Donovan Mitchell and Joe Ingles fill in the gap left by Gov. Cox and the Davis School District.

(Pat Bagley) Izzy

Back in early 2018, everybody got a good giggle out of then-Lt. Gov. Spencer Cox playing it to the social media hilt when he momentarily took over as governor while the real boss, Gary Herbert, was having surgery.

Cox made jokes about redecorating the office and getting that notch of territory that should be Utah’s northeast corner back from Wyoming. And superfan Cox mock-appointed Joe Ingles, a player on the Utah Jazz basketball team, as his lieutenant governor. All the kind of goofy fun and games that are Cox’s trademark. (Though it all would have all turned out to be in really bad taste if anything had gone wrong for Herbert on the operating table.)

Thursday, there was reason to wish that Joe Ingles really was Utah’s lieutenant governor. If, of course, his teammate Donovan Mitchell were also governor.

That’s because Mitchell and Ingles stepped up in a way that neither Cox nor any other elected official in Utah seems to have done. They spoke out strongly in response to the tragic death of a Davis County 10-year-old — Isabella “Izzy” Tichenor — who, according to her loved ones, died by suicide because she could no longer tolerate the bullying she was suffering at school, targeted for being Black and autistic.

That matters to people like Mitchell and Ingles, partly because they are decent human beings. Partly because Mitchell is Black and often speaks out against racism, in state were few other people do. Partly because Ingles and his wife have an autistic child and have gone public in an effort to help others.

Both spoke with the girl’s family and the Jazz offered a moment of silence in memory of Izzy before their game Thursday evening.

That was more, a lot more, than came from Cox or any other of the elected officials who are supposed to lead the public mourning when something like this happens.

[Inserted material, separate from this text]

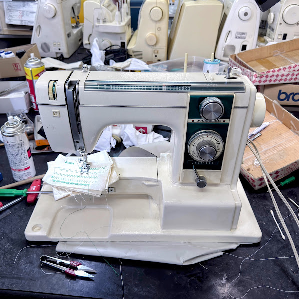 ジャノメミシン エクセル813【症状】駆動ギヤ割れでギヤ交換分解調整・各部調整クリーンアップ作業糸調整・全体のメンテナンスミシン直りました

Something that Republicans, like Ronald Reagan and George W. Bush, and Democrats, like Bill Clinton and Barack Obama, were really good at.

All I could find from Cox was a meek two-sentence tweet:

Which was delivered with much less care and enthusiasm than his happy discovery of a new carne asada plate in a South Salt Lake restaurant.

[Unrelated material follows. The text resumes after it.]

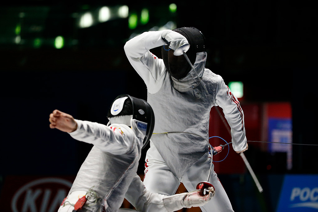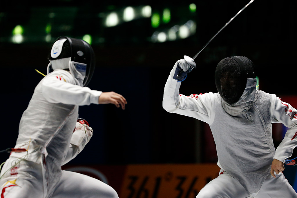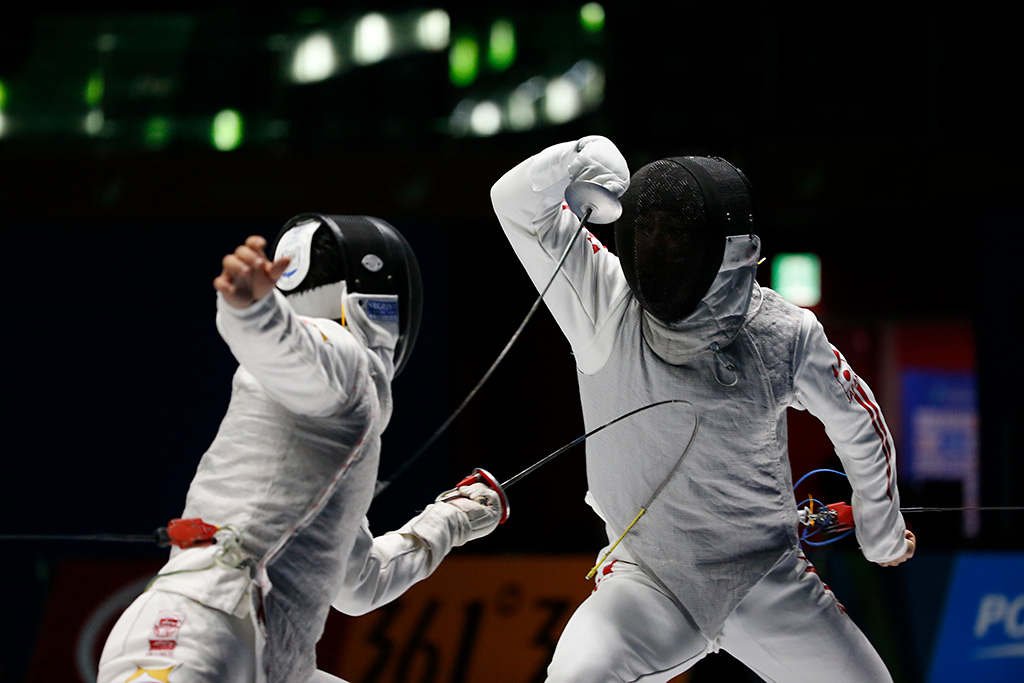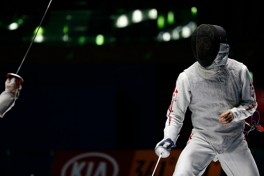 In fencing, actions are swift, which makes freezing moments a challenge. Using a fast shutter speed alone certainly isn't enough! This shot captures the instant when Yuki Ota on the right won a point from his opponent during the fencing qualifiers at the Asian Games. While photographing their bout, we used high-speed continuous shooting to capture the instant where the fencers thrust at each other.

To be fair, the governor’s Twitter feed also includes some good and compassionate statements about caring for the state’s veterans and making mental health care more available. Still, combined with the legalistic statement issued by the Davis School District, the official response to this tragedy just didn’t do the job.

So Jazz players picked up the loose ball and did what needed to be done. It’s another example of how so often some professional athletes and team executives, especially in the NBA, have risen to the occasion when real public officials just don’t, or can’t.

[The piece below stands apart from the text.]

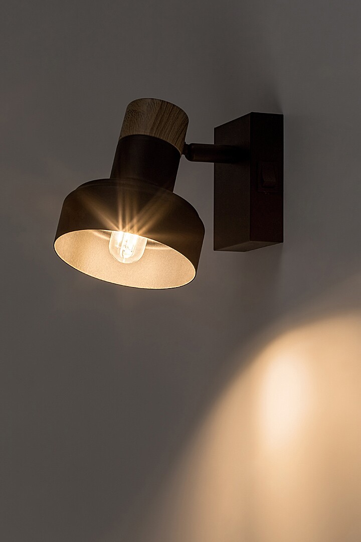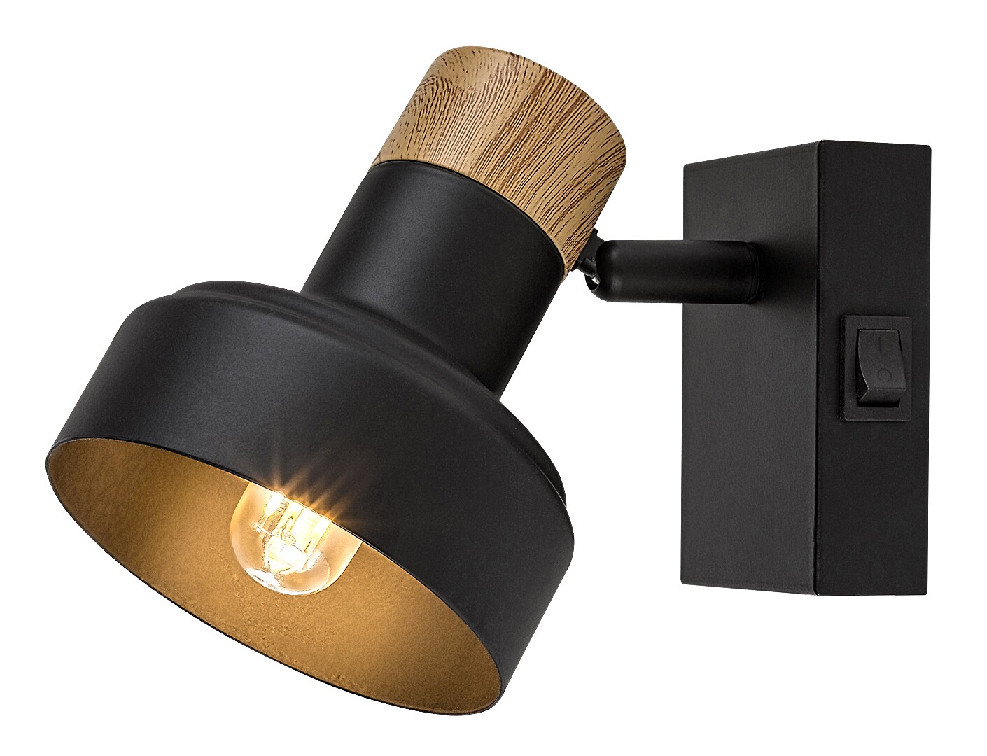 Rabalux Saskia wall spotlight is primarily recommended to the lovers of the nordic style. This wall-mounted model is made of metal and wood in black and oak. The elegant dark tone of the fixture and decorative base is only broken by the oak cap, adding a touch of nature to the lamp’s design. The inside of the lampshade is gold, which harmonises well with the natural shade of the wood. The spotlight is fixed to the wall by a rectangular upright decorative base with a rocker switch on the side. The practical lamp head can be rotated so that the light can always be directed to suit your needs. This model is the ideal choice for the living room, bedroom or workroom. It can be used with a single light bulb with a power of up to 15 W. Socket type is E14. The spot lamp is supplied without a light source.

The league has a very troubling blind spot when it comes to dealing with China, not wanting to get their product banned in the world’s largest market. Otherwise, the ability of Commissioner Adam Silver and others to manage everything from racist owners to Black Lives Matter protests to a COVID-19 bubble stand in sad contrast to the ability of so many people who claim to lead the society as a whole.

And the NBA’s all-time leading scorer, Kareem Abdul-Jabbar, posted a masterful takedown of NFL quarterback Aaron Rodgers for his duplicitous statements about the COVID-19 vaccination that he didn’t really take, endangering himself and his teammates.

Now, for a minute there, It looked like I had picked the wrong week to say good things about members of the Utah Jazz basketball team.

The Thursday night game between the Jazz and the Indiana Pacers went poorly for the Jazz and ended with a scuffle that saw Ingles, Mitchell and Rudy Gobert get ejected. Maybe holding these guys up as our role models wasn’t such a good idea after all.

But everyone involved in the fracas was a grown man, in top shape, who was fully capable of defending himself. Nobody was a bully or a victim. Nobody really got hurt.

It just shows that compassion and toughness are things that truly strong people possess in equal measures.

George Pyle, reading The New York Times at The Rose Establishment.

George Pyle, opinion editor of The Salt Lake Tribune, couldn’t watch the Jazz game Thursday because a bait and switch from Google TV to YouTube TV has left him without the necessary channel.